RDC : Viols, massacres et « repeuplement » rwandais… Le cri de colère de Kinshasa contre l’enfer du M23
Le Gouvernement de la République démocratique du Congo a haussé le ton ce lundi 24 août 2026. Dans un communiqué cinglant, Kinshasa dénonce l’horreur vécue par les populations des territoires sous occupation des Forces de défense rwandaises (RDF) et de leurs alliés de l'AFC/M23.
Les chiffres avancés par le ministère de la Communication et des Médias dressent le portrait glaçant d’une région mise à feu et à sang : plus de 300 civils tués lors d'exécutions sommaires, de massacres et de bombardements au cours des seuls mois de juin et juillet. À cela s'ajoutent des centaines de viols, plus de 300 cas de torture frappant jusqu'à des élèves, ainsi que des vagues d'enlèvements et de recrutements forcés ciblant la jeunesse à Tshanzu et Rumangabo, sur fond de pillages et d'habitations incendiées.
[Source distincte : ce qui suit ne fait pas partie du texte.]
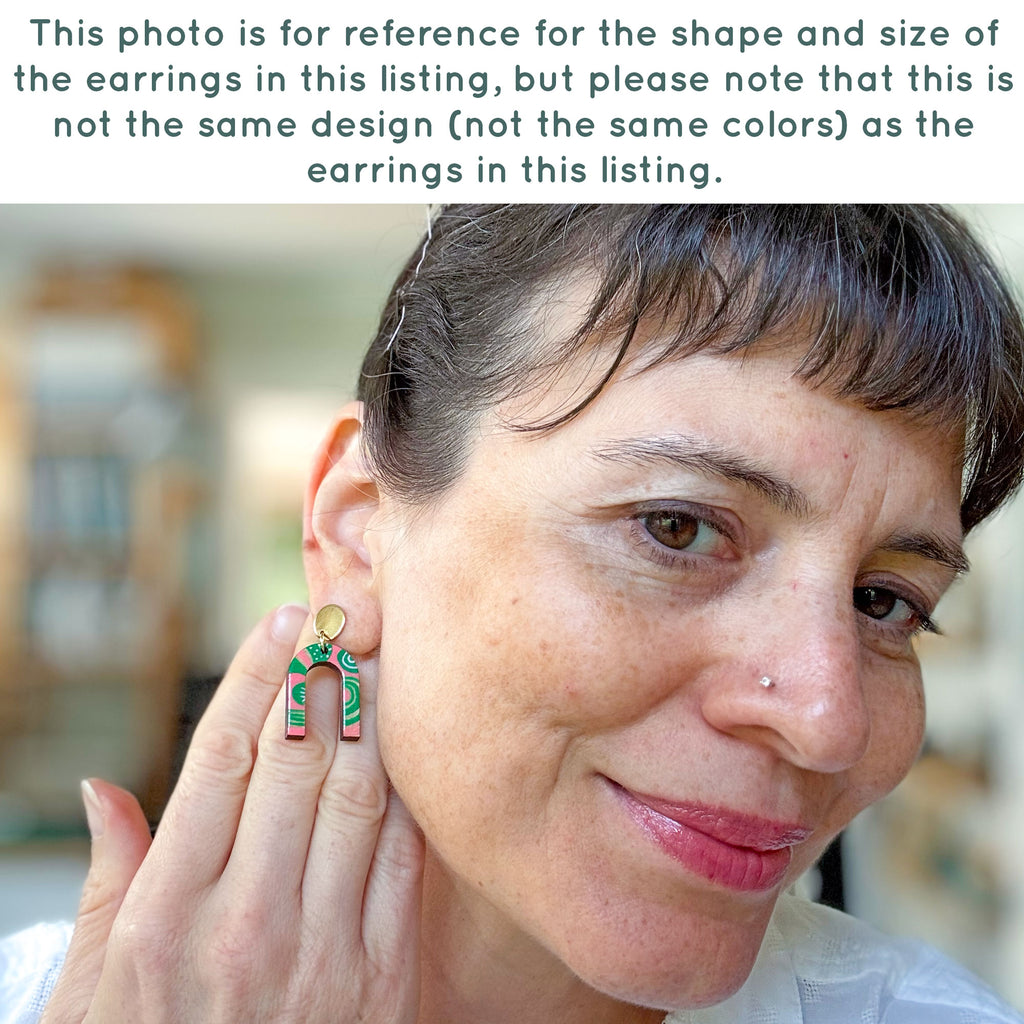 I paint these super fun earrings by hand in my small studio on the Outer Banks. They’re sealed with a protective varnish — but please don’t shower or swim with them. The arch is made of wood, and the stud (the part that goes through your ear) is gold-plated stainless steel — great for sensitive ears! I actually kept a pair for myself; I react to almost every metal except stainless steel, so I always test the settings I use first.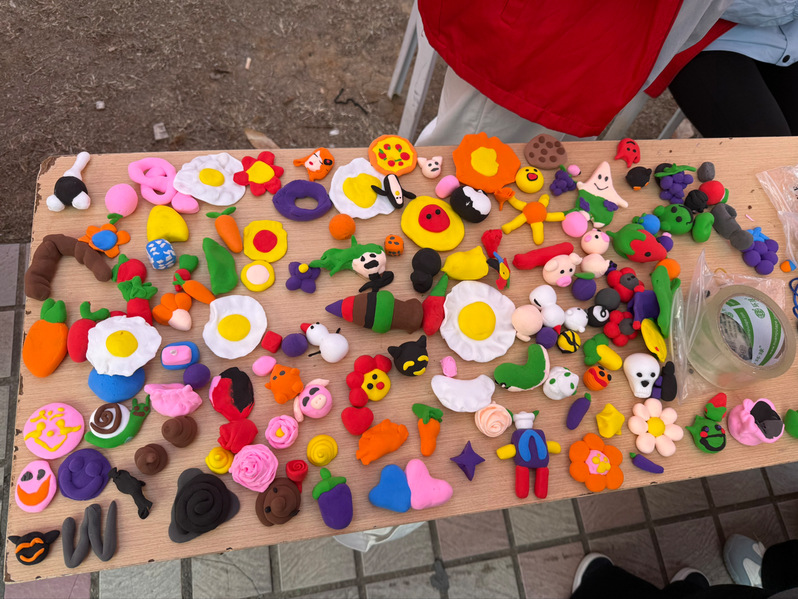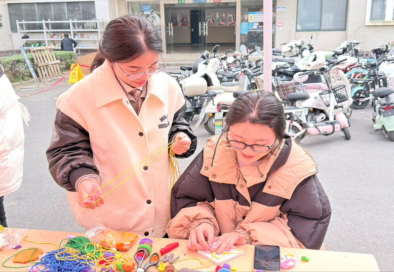 体验区内,同学们围坐一起,跟随志愿者的示范绕绳编结:有人对照步骤图细致调整,有人为首次完成的结饰系上流苏;超轻粘土区则成为创意工坊,大家纷纷捏制出“志愿者小红帽”“爱心徽章”等造型。“本来只是路过,没想到学会了编平安结!”一位刚集章成功的同学展示着自己的作品说道。
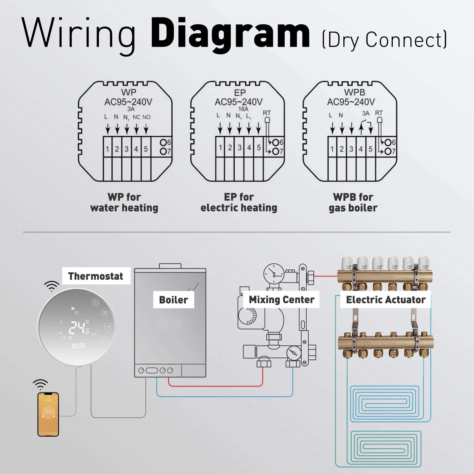 2. EP : 16A For electric heating. WP: 3A For water floor heating. 3A WPB: For gas boiler heating ;

Au-delà de la terreur, Kinshasa accuse Kigali de mener une véritable politique de « transplantation » démographique pour altérer la composition de la région. Le 10 août dernier, plus d’une centaine de familles présentées comme étant d'origine rwandaise auraient franchi la frontière par la piste de Kabuhanga, dans le territoire de Nyiragongo, avant d’être installées à Rwibiranga, hébergées pour certaines dans des structures du Programme alimentaire mondial (PAM).
En parallèle, la rébellion étouffe la population sous un racket institutionnalisé. En violation de la gratuité de l'enseignement primaire, des frais sont désormais prélevés dans les écoles, assortis d'une taxe de 17 % sur leurs recettes trimestrielles, tandis que des responsables sont nommés arbitrairement dans l'enseignement supérieur. Même les hôpitaux publics, les structures privées et les orphelinats subissent des impôts illégaux qui asphyxient les soins de santé et frappent de plein fouet les plus vulnérables.
Pour le Gouvernement congolais, ces actes bafouent la Charte de l'ONU, la souveraineté de la RDC, la résolution 2773 (2025) du Conseil de sécurité exigeant le retrait des troupes rwandaises et du M23, tout en réduisant à néant les efforts diplomatiques engagés via les accords de Washington et de Doha.
Exprimant sa solidarité envers les victimes, l'exécutif sous le leadership du Président Félix-Antoine Tshisekedi assure qu'aucun de ces crimes ne restera impuni et promet d'employer tous les moyens légitimes pour traduire les auteurs en justice, restaurer l'autorité de l’État et garantir la paix.